Canadian mob part of the Rizzuto crime family

Del Balso arrest, November 22, 2006

Francesco "Chit" Del Balso (/it/; April 13, 1970 – June 5, 2023) was a Canadian mobster in the Montreal-based Rizzuto crime family.

==Rizzuto family and gambling==
Del Balso was regarded as the leader of the "Young Turk" faction of the Rizzuto family. The Canadian journalists André Cédilot and André Noël wrote that the "Young Turk" faction were "Aggressive, impulsive, they seemed not to care about the consequences of their actions". The "Young Turks" were closely allied with the Syndicate, a Haitian-Canadian street gang led by Gregory Woolley who also served as the president of the Rockers Motorcycle Club, which in turn was a puppet gang of the Hells Angels. Alongside Lorenzo Giordano, Del Balso worked for Francesco Arcadi. Described as pugnacious and aggressive, Del Balso and Giordano tended to work with the Hells Angels and street gangs such as the Syndicate. Considered to be one of the most intimidating leaders of the Rizzuto family, Del Balso was the man most assigned to "talk" to debtors. After Rizzuto was arrested in 2004, a committee of caretaker leaders for Vito Rizzuto was formed of Del Balso, Nicolo Rizzuto, Paolo Renda, Rocco Sollecito, Francesco Arcadi and Lorenzo Giordano.

On November 2, 2004, the Royal Canadian Mounted Police installed a secret camera inside the Bar Laennec in Laval, which over the next two years recorded Giordano visiting the bar 221 times while Del Balso visited the bar 541 times. Giordano and Del Balso ran an online gambling website whose clients were recruited via telemarketing. The website was based in Belize, and then moved to the Kahnawake Mohawk Reserve after a gambling license was granted to the Kahnawake reserve band council. Del Balso had between 34 and 58 agents working in his telemarketing office recruiting people to register for the website. Between 2004 and 2005, the website had 1,609 users who made 820,000 bets, which allowed the Rizzuto family to make a profit of $26.8 million. Del Balso was a gambling addict who was often seen at the Casino de Montreal. Between 2001 and 2003, Del Balso bet $7.6 million at the Casino de Montreal and won $2.5 million. The loss of $5.1 million over a two year period did not concern him as Del Balso's gambling was a form of money laundering, which allowed explanation to the Canada Revenue Agency the hundreds of thousands of dollars in cash he kept at his house as the result of his winnings.

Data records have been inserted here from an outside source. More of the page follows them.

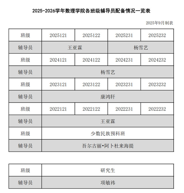 2025-2026学年数理学院各班级辅导员配备情况一览表
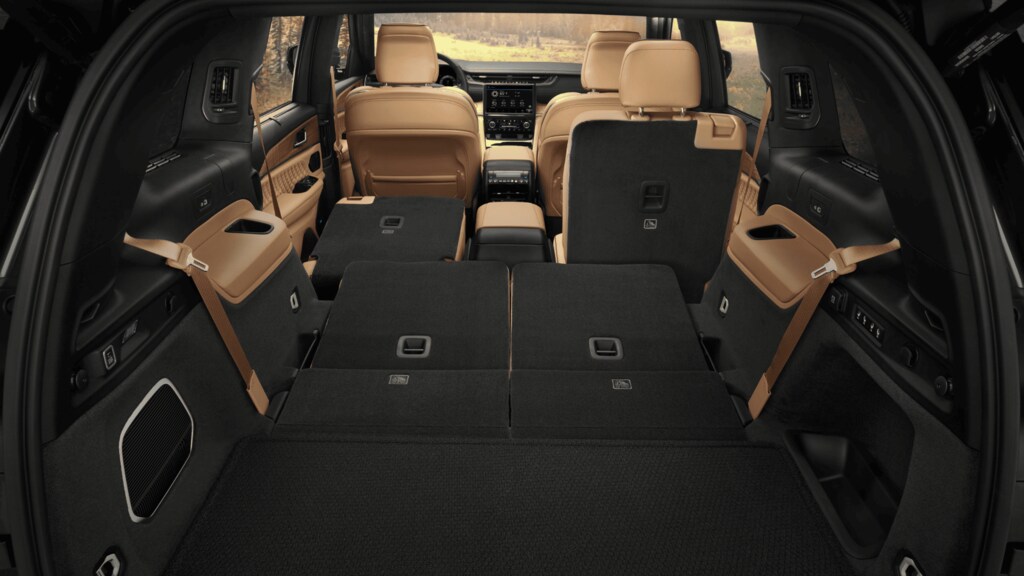 Cargo space management remains a strength of the 2025 Jeep® Grand Cherokee L platform. With all seats upright, the model offers 17.2 cubic feet of cargo capacity. Folding the third-row seats increases cargo space to 46.9 cubic feet, while folding both second and third rows expands the total available space to 84.6 cubic feet. The optional power-folding third row and hands-free power liftgate further simplify cargo handling for users managing multiple passengers and gear.
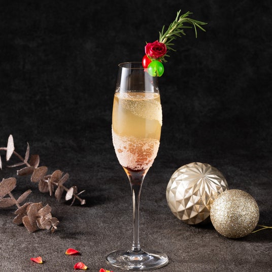 薔薇、エルダーフラワー、レモン、シャンパンを使用したクリスマスシーズンにぴったりのオリジナルカクテルです。
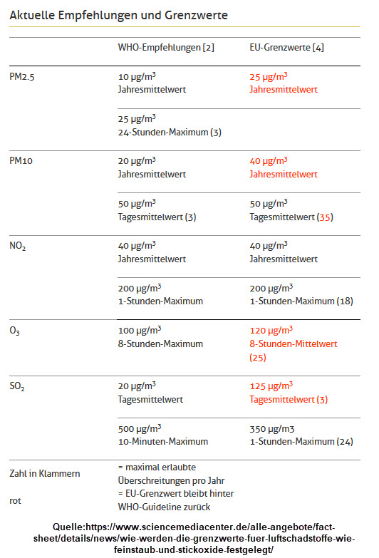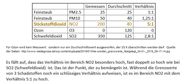 - Die Erläuterung des früheren Schulnotensystems zeigt, dass die Grenze zwischen Versetzung/Nichtversetzung bei einer 4,0 im Durchschnitt liegt. 4,1 bedeuten Sitzenbleiben. Wenn wir zwecks Veranschaulichung die tatsächlich an der Messtelle erlaubten 200 µg NO2 in Noten aufteilen, wären 0 µg NO2 „Sehr gut“ = 1. „Ungenügend“ = 6 wären die 200 µg. Alle anderen Noten liegen in 40 µg – Schritten dazwischen. „Ausreichend“ = 4 wären 120 µg NO2. Das sind realistische Annahmen. Auch wenn lt. Gesetz sogar die 200 µg noch ausreichend wären. Unser Schulnoten-Beispiel zeigt, dass zwischen der Höhe des tatsächlich die Wirklichkeit wiederspiegelndem Stundenmessgrenzwert 200 µg NO2 und dem theoretisch ermittelten Jahresdurchschnittsgrenzwert 40 µg NO2 ein viel zu großer Unterschied besteht. Um im Bild zu bleiben, müsste ein Schüler im Durchschnitt immer eine 2 haben, um versetzt zu werden. In jedem Fach eine 4 oder auch eine 3, ja sogar alles 2-er und nur eine 3 würden nicht ausreichen, um versetzt zu werden. Die Schüler würden zu Recht auf die Barrikaden gehen. Der Durchschnitt beim NO2 muss immer wenigstens 2,0 sein. 41 µg = 2,05 reichen nicht. Fahrverbot droht! Bemerkenswerterweise ist nur beim Grenzwert NO2 das Verhältnis zwischen Stunden- und Jahresdurchschnittsgrenzwert so hoch. Bei anderen Luftschadstoffen, die von der EU wesentlich weniger streng übernommen wurden, als von der WHO empfohlen, ist das Verhältnis korrekt. Das Verhältnis bei NO2 hielte einer strikten wissenschaftlichen Überprüfung m. E. nicht Stand. Seit der Epidemiologe Prof. Wichmann frank und frei erläutert hat, dass bei der Festsetzung von Grenzwerten im Bereich Luftschadstoffe auch Willkür im Spiel sei, die Grenzwerte also politische Grenzwerte seien, wurde meine Vermutung, dass der Grenzwert vor allem dazu gedacht sei, politisch gewollte „Umweltveränderungen“ durchzusetzen, eindrucksvoll bestätigt. Ein wissenschaftlich haltbarer Jahresdurchschnittsgrenzwert sollte zwischen 80 und 120 µg liegen.
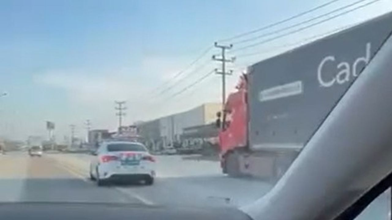 Bir süre takip edilen Samet M. isimli sürücü, TIR’ı sağ şeride çekip dururken, ehliyetsiz olduğu için kaçtığı öğrenildi. Samet M.'ye ehliyetsiz araç kullanmaktan 18 bin 678 TL ve aksine bir işaret bulunmadıkça, gidişe ayrılan en soldaki şeridi sürekli olarak işgal etmekten 9 bin 267 TL ceza kesildi. (DHA)

Del Balso's wife owned a luxury villa in Acapulco that cost $352,000 that had been paid for entirely in cash. Del Balso sat on the board of directors of the Intermarché Bellerose grocery chain and listed his investment in the Intermarché Lagoria grocery store chain as his source of income when he filed his taxes. In February 2006, Intermarché Bellerose provided Del Balso with a record of employment and fake pay stubs to prove that he had been working for the company over the several years.

In November 2004, Frank Faustini, a former Air Canada baggage handler and a gambling addict had run up a debt of $823,000 via Del Balso's gambling website. On December 8, 2004, Del Balso was recorded as telling one of his subordinates to inform Faustini that he was to get a "serious beating" if he did not pay off his debts. On December 15, 2004, the police camera at the Bar Laennec recorded Del Balso, Giordano and another mobster Mike Lapolla beating Faustini. Faustini was also in debt to Richard Griffin of the West End Gang concerning a shipment of 1,300 kilos of cocaine from Venezuela that had landed in Newark, New Jersey and later seized in Boucherville. There was a lengthy dispute between Griffin and Del Balso about whom Faustini was to pay first. On June 27, 2006, Faustini paid Griffin $350,000 that he had withdrawn from his bank account in the Bahamas. On July 12, 2006, Griffin was murdered outside of his house, being shot down with an AK-47 assault rifle. Del Balso was the prime suspect in Griffin's murder, but was not charged.

On November 25, 2005, Del Balso was hired by Intermarché Lagoria grocery store chain owner Cosimo Chimienti, to recover the $300,000 that he had invested with John Xanthoudakis, the CEO of Norshield Financial Group, who had stolen the money. The same day, Del Balso, Giordano and one of their thugs, Carlos Narvaez Orellana, went to see Xanthoudakis at his office. Orellana beat up Xanthoudaiks while Del Balso and Giordano watched on. On March 8, 2006, Del Balso was charged with assault after Xanthoudakis made a complaint to the police. The charges were later dropped when in response to death threats, Xanthoudakis stated he was not willing to testify against Del Balso in court. At a meeting at the Consenza Social Club, Del Balso was criticized by Nicolo Rizzuto and Paolo Renda for not ensuring that Xanthoudakis paid up sooner.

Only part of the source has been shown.